Friday, July 06, 2007

Mortgage brokers are in Congress' sights

From McClatchy newspapers:


WASHINGTON — Mortgage brokers, who originate up to two-thirds of home loans, have exploited their lack of federal regulation to loosen lending standards in ways that sparked today's high mortgage-default rates among borrowers with weak credit.


Hearings before Congress this year made it clear that mortgage brokers and nonbank lenders took advantage of a regulatory gap to make unsound home loans to people with the weakest credit history, preying especially on minorities and the working poor.


Now Congress must decide how best to bring brokers, who originated about 70 percent of so-called sub-prime loans over the past two years, under some form of federal regulation.


The Mortgage Bankers Association, in its latest report, found that during the first three months of this year about 15.75 percent of sub-prime adjustable-rate mortgages were behind on payments by 30 days or more.
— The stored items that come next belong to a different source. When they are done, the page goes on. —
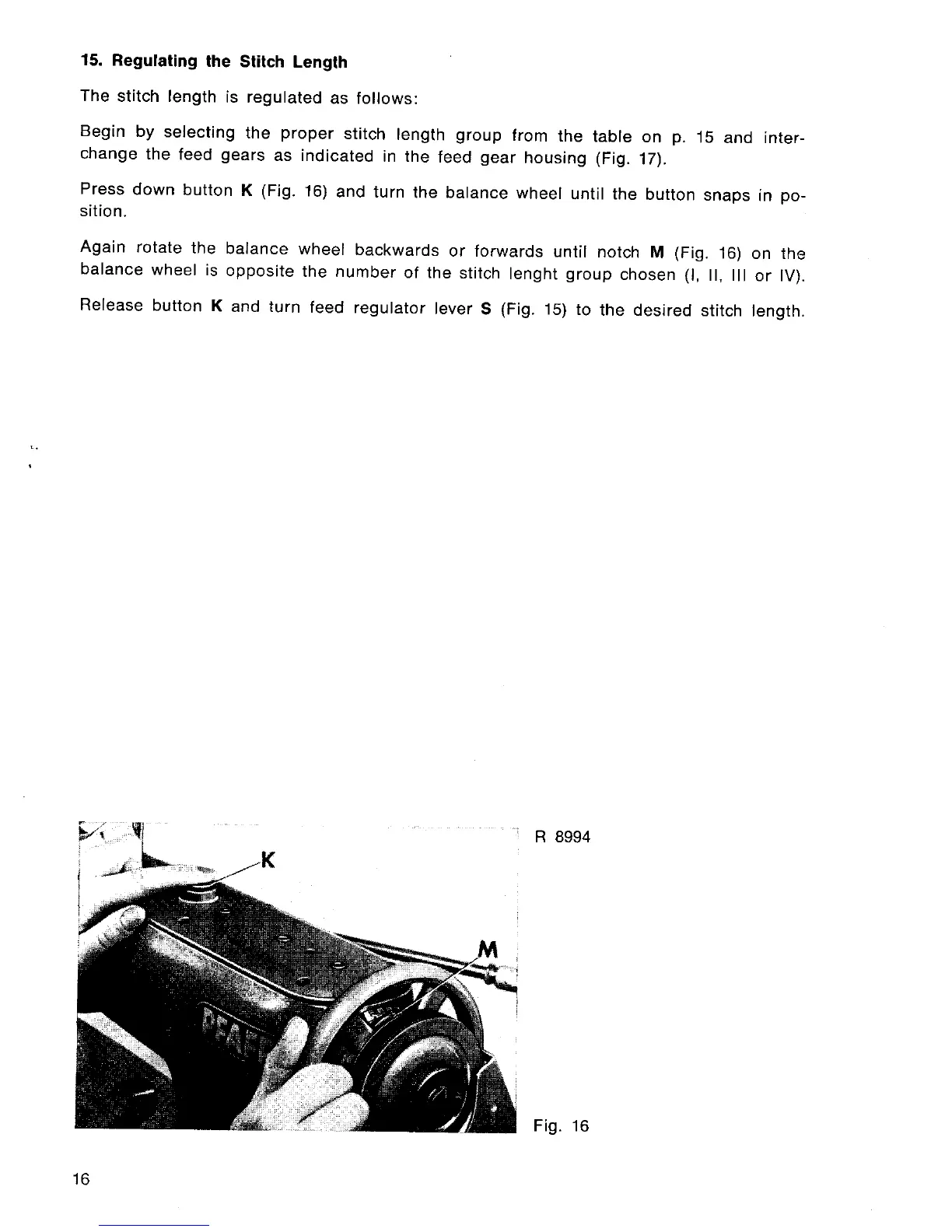 Pfaff 542 - Additional Instructions for Pfaff 141-705;03 Models; Stitch Length Group Selection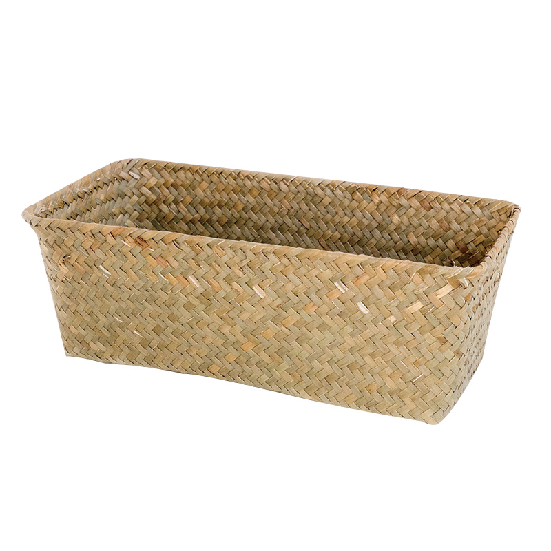 純手工海草編織收納籃雜物整理盒置物籃長條形收納筐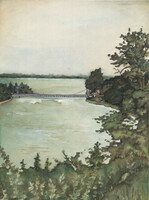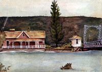 Suspension Bridge crossing a River Possibly the Niagara River but the Bridge is not identified ; -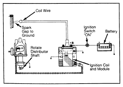 - Crank engine and check for sparks at gap to ground. If previous tests have disclosed no problem and no spark exists at gap, replace control module.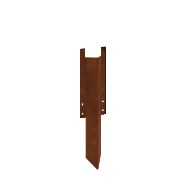 De grondpin is vervaardigd uit hoogwaardig Cortenstaal. Dit bijzondere staal ontwikkelt een robuuste, dichte oxidehuid die verdere corrosie voorkomt. Hierdoor blijft het materiaal duurzaam en sterk, ook bij langdurige blootstelling aan vocht en wisselende weersomstandigheden. Cortenstaal is een metaallegering van ijzer met koper, fosfor, silicium, nikkel en chroom, wat het zijn unieke eigenschappen geeft.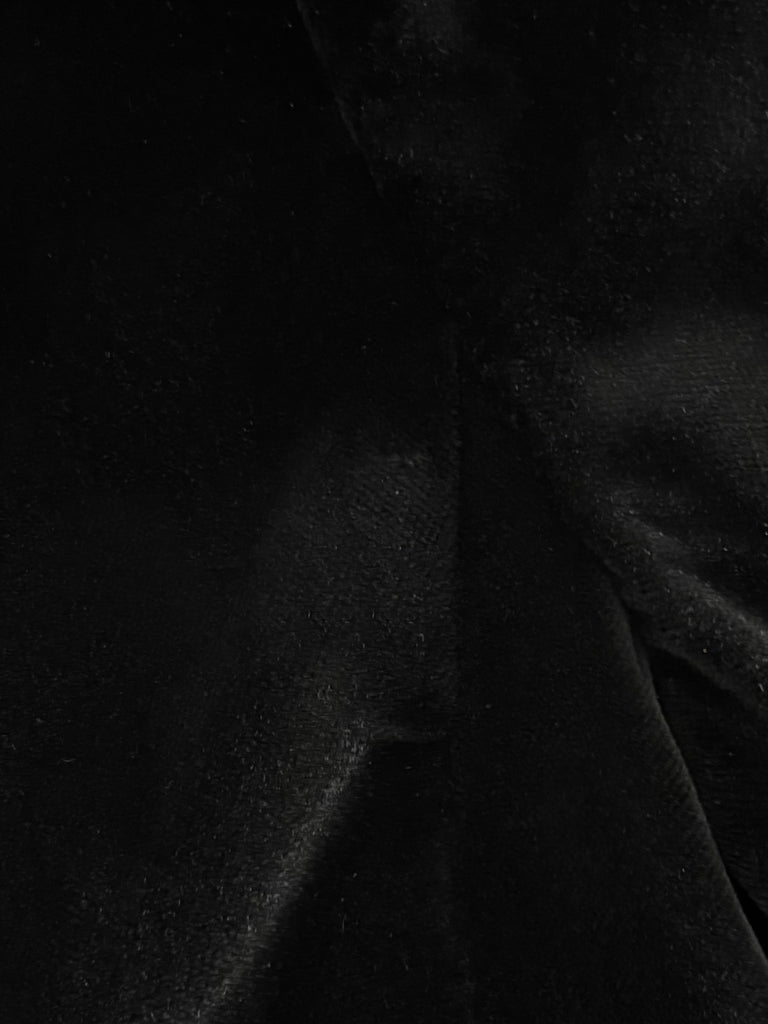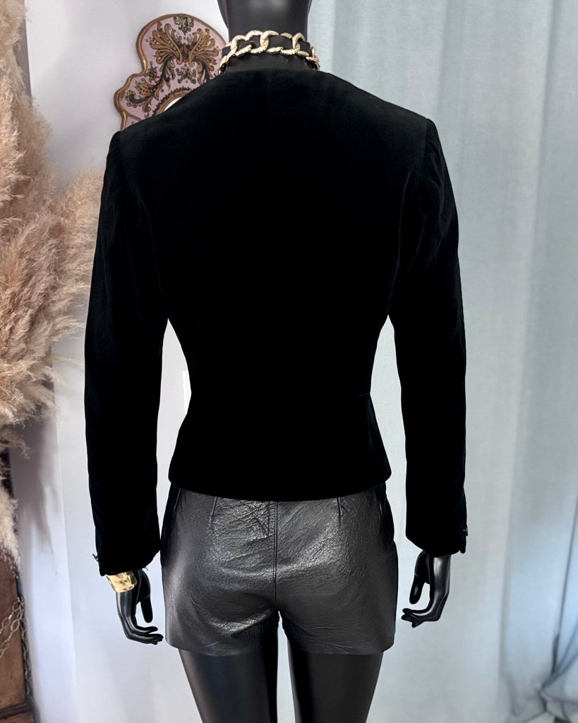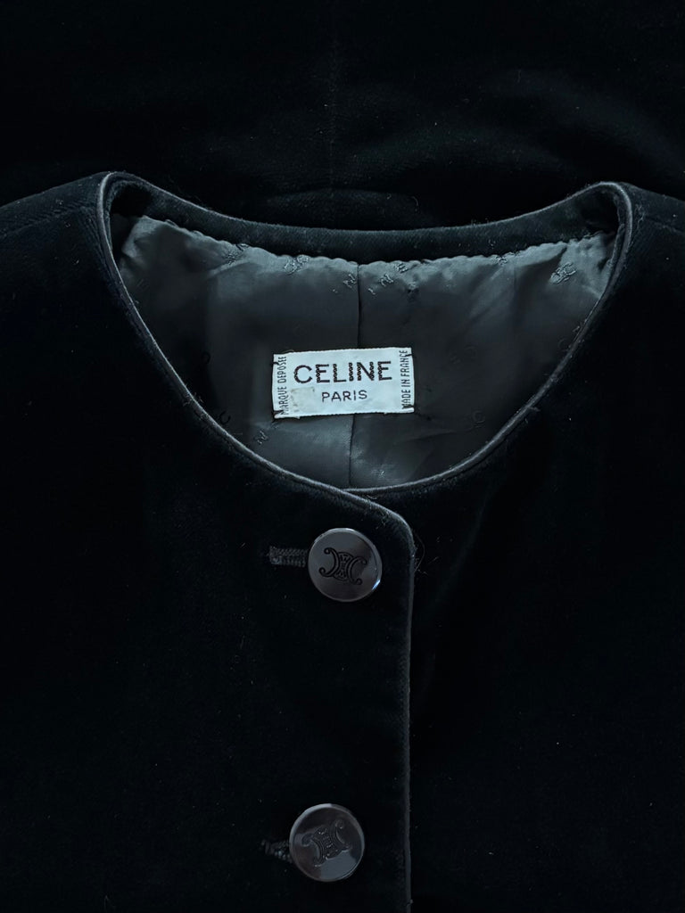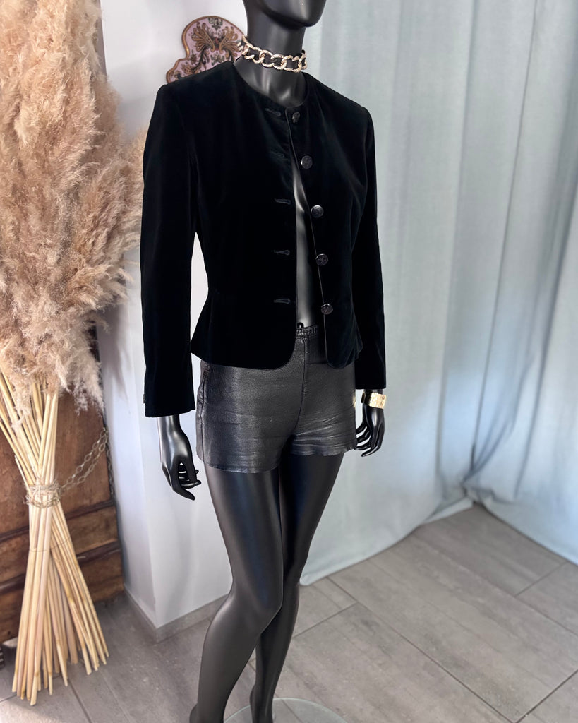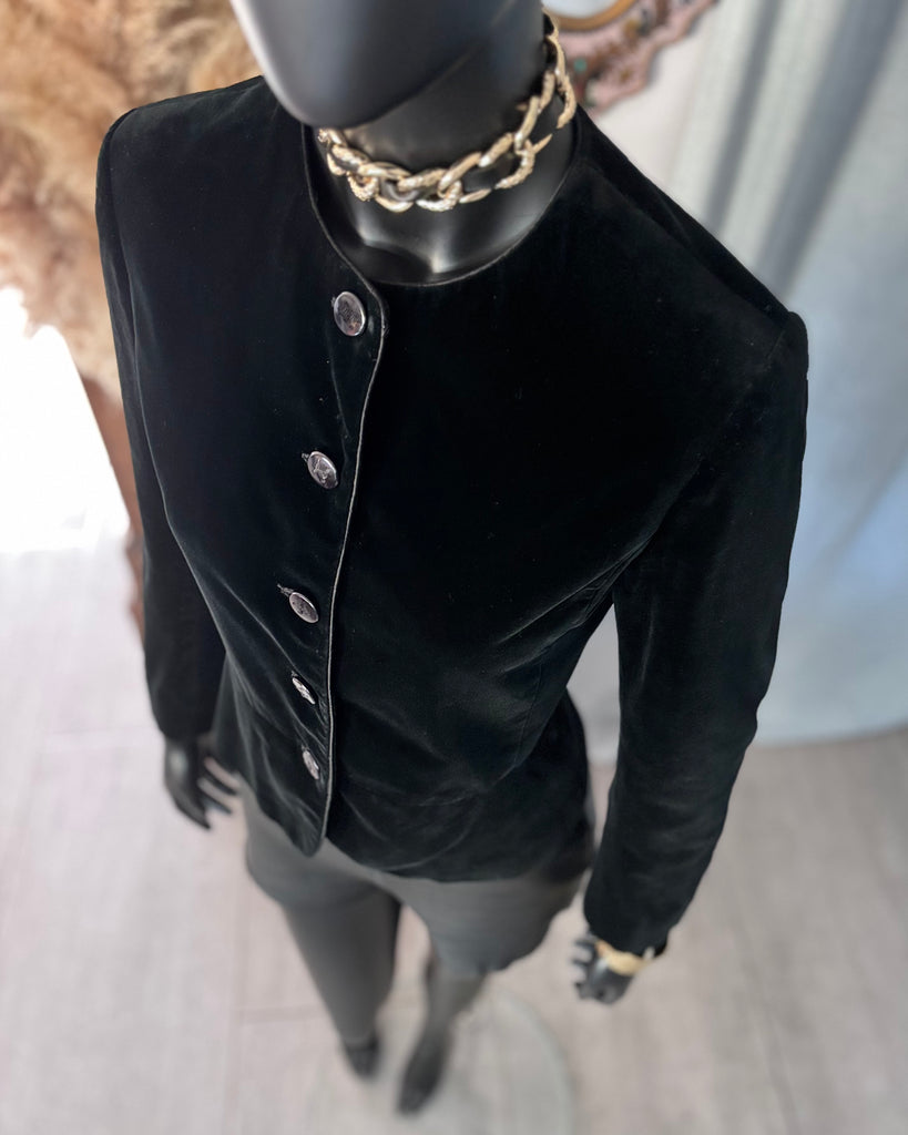 Veste en velours ras de couleur noire bordée d’un fin galon soyeux. Coupe ajustée, resserrée à la taille avec découpe façon basques, encolure ronde et haute et fermeture par boutons noir avec monogramme Triomphe. Manches 7/8 et poignets terminés par un bouton décoratif. Doublure siglée et monogrammée.

That's an all-time high. And the figure is widely expected to grow. Experts predict that 1 in 5 sub-prime adjustable-rate home loans - as many as 1.5 million - will default by the end of next year. More than $2.28 trillion worth of adjustable-rate loans reset from 2007 to 2009.


Mortgage brokers are often the first link in the process of securing a home loan, so many borrowers think the brokers are working for them.


Wrong. No federal law says mortgage brokers have any fiduciary duty to borrowers, and with the exception of California, most states don't stipulate that duty either.